# telnet localhost 25 timeout...

## Debentoo_Gao

root@finalbaby /etc/ssl/misc # telnet localhost 25

Trying 127.0.0.1...

Connected to localhost.

Escape character is '^]'.

220 debentoogao.3322.org ESMTP Postfix

421 debentoogao.3322.org Error: timeout exceeded

Connection closed by foreign host.

----------

## kashani

Seems to work okay remotely when I tested it. Do the logs say anything interesting?

kashani

----------

## Debentoo_Gao

 *kashani wrote:*   

> Seems to work okay remotely when I tested it.

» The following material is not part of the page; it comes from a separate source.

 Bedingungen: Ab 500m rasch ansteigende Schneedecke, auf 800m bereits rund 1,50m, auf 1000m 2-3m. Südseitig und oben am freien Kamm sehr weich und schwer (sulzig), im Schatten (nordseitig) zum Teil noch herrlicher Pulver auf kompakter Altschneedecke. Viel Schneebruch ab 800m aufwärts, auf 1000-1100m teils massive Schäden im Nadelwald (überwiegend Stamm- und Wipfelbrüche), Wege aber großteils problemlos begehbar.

Do the logs say anything interesting?
> 
> kashani

 

which log file should I read? thanks

It seems estmp on postfix can't work correctly

----------

## kashani

I'd shoot for the mail logs which might be in /var/log/messages or /var/log/everything depending on which logger you've installed. Also how quickly are you getting the error?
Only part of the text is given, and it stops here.